Before ending this chapter, which is designed to record the establishment of the Tokugawa shoguns, reference should be made to the settlement of the questions left in dispute by Taiko Sama respecting Korea. There remained after the war, with all its attendant atrocities and sufferings, a feeling of intense bitterness towards the Japanese on the part both of the Koreans and Chinese. The absence of any sufficient cause for the invasion, and the avowed purpose of Taiko Sama to extend his conquests to China had awakened against him and his armies a hatred which generations could not wipe out. Soon after the recall of the Japanese troops which followed the death of Taiko Sama, Ieyasu opened negotiations with Korea through the daimyo of Tsushima. He caused the government to be informed that any friendly overtures on its part would be received in a like spirit.
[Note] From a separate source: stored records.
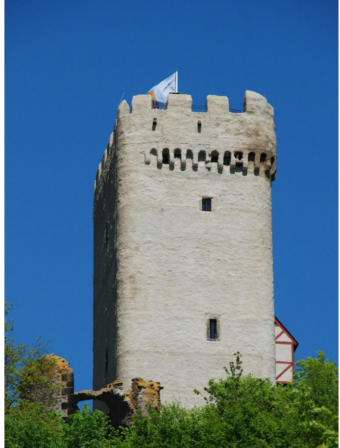
Der Bergfried von Burg Olbrück.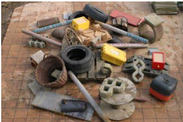
Aufbau eines Trümmerfeldes der LK 2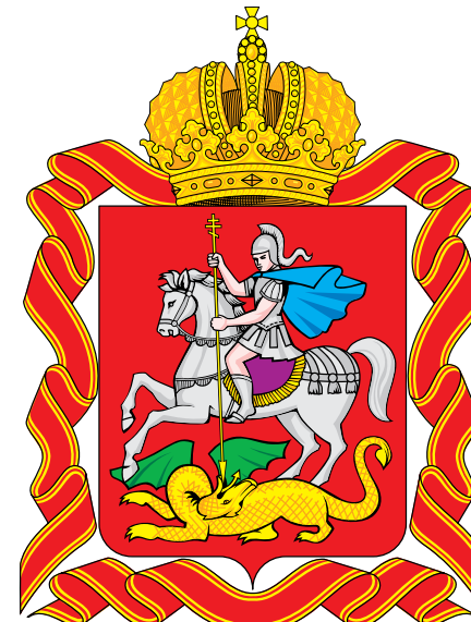
Лауреат Субъект Российской Федерации Московская область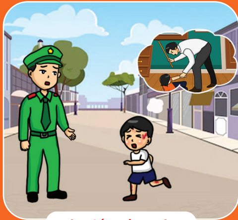
Tìm đến nơi an toàn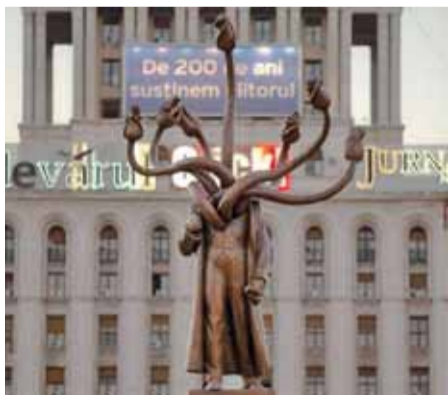
У Бухарэсце на былой плошчы Леніна перад Домам друку наноў адкрылі помнік правадыру сусветнага пралетарыяту. Гэта копія помніка, што стаіць перад МДУ ў Маскве. Цяпер румынскі помнік завецца «Гідра». Толькі замест галаваў там ружы.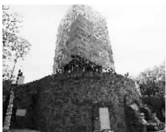
玄奘塔已被围挡起来

那么,会怎么修呢?“对破损严重的地方进行替换。”传真说,修缮主要针对破坏比较严重的塔顶和三、四、五层,施工过程中将对每一块砖块进行编号,保证它们修缮后能顺利回到原位。而且,寺庙还会特意从苏州订购砖块,“和原来的砖块更相似,尽量保证修旧如旧”。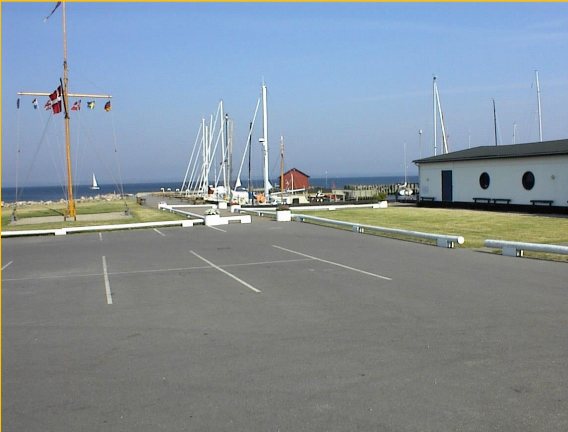
P-pladsen ved havnen – før Havnehusene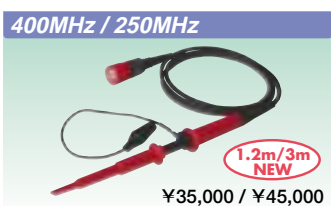
400MHz / 250MHz 100:1高圧プローブ 701944 / 701945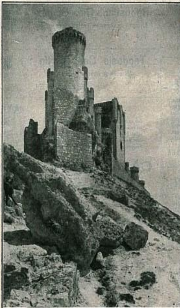
VISTA DE SU FAMOSO CASTILLO

Además del castillo, reseñado en otro lugar de la Guía, posee Peñafiel monumentos de indiscutible interés. Ocupa el primer lugar la Iglesia de San Pablo, que perteneció al convento de dominicos que erigiera el infante don Juan Manuel. Fué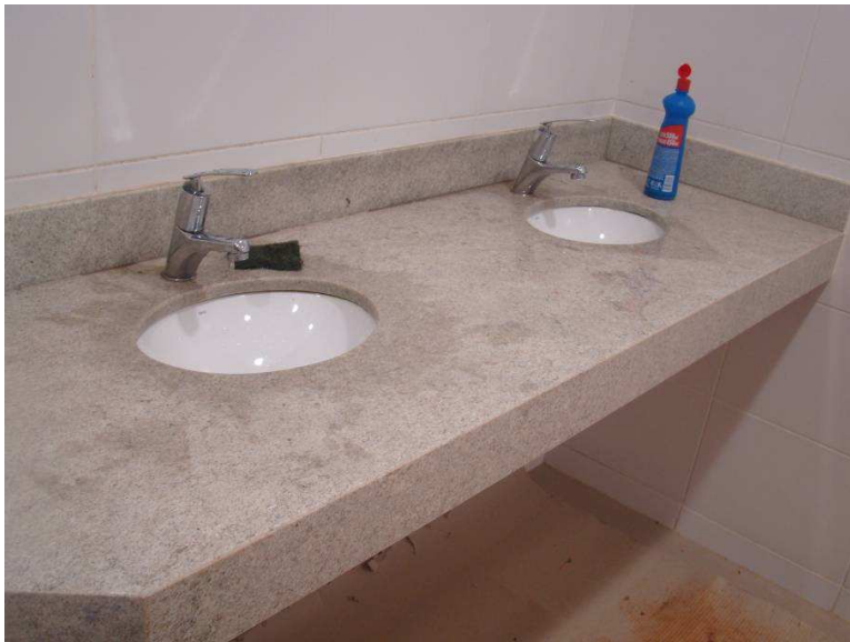
Detalhes de bancadas aqualux já com as torneiras c/ acessibilidade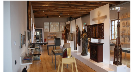
Museum Wiedenbrücker Schule - © Stadt Rheda-Wiedenbrück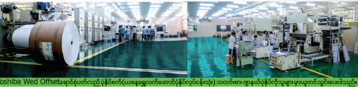
Toshiba Wed Offsetရောင်းစုံပတ်လည် ပုံနှိပ်စက်(ယနေရွှေလက်ဆောင်ပုံနှိပ်လုပ်ငန်းသုံး) သတင်းစာ၊ ဂျာနယ်ပုံနှိပ်လိုသူများ မှာယူတင်သွင်းပေးပါသည်။

ပုံပိုးကူညီနိုင်သော ဝန်ဆောင်မှုများကို မိတ်ဆွေများစိတ်ချမ်းသာမှုရရှိသည်အထိ ကူညီပေးနေပါပြီ။

The king of Korea accordingly despatched an embassy with an autograph letter, addressed to the “King of Japan.” A translation of this letter will be found in Mr. Aston’s last paper(202) on Hideyoshi’s invasion of Korea. Among other things it says: “The sovereign and subjects of this country were profoundly grieved, and felt that they could not live under the same heaven with your country.... However your country has now reformed the errors of the past dynasty and practises the former friendly relations. If this be so, is it not a blessing to the people of both countries? We have therefore sent you the present embassy in token of friendship. The enclosed paper contains a list of some poor productions of our country. Be pleased to understand this.” This letter was dated in the year 1607. A friendly answer was returned to it, and from this time it may be understood that the relations between the two countries were placed on a satisfactory basis. These steps were taken on the part of Korea with the knowledge and approval of China, which now claimed to hold a protectorate over the peninsula of Korea. The same negotiations therefore which resulted in peaceful relations with Korea brought about a condition of amity with China which was not disturbed until very recent times.

The ruinous effects of this invasion, however, were never overcome in Korea itself. Her cities had been destroyed, her industries blotted out, and her fertile fields rendered desolate. Once she had been the fruitful tree from which Japan was glad to gather her arts and civilization, but now she was only a branchless trunk which the fires of war had charred and left standing.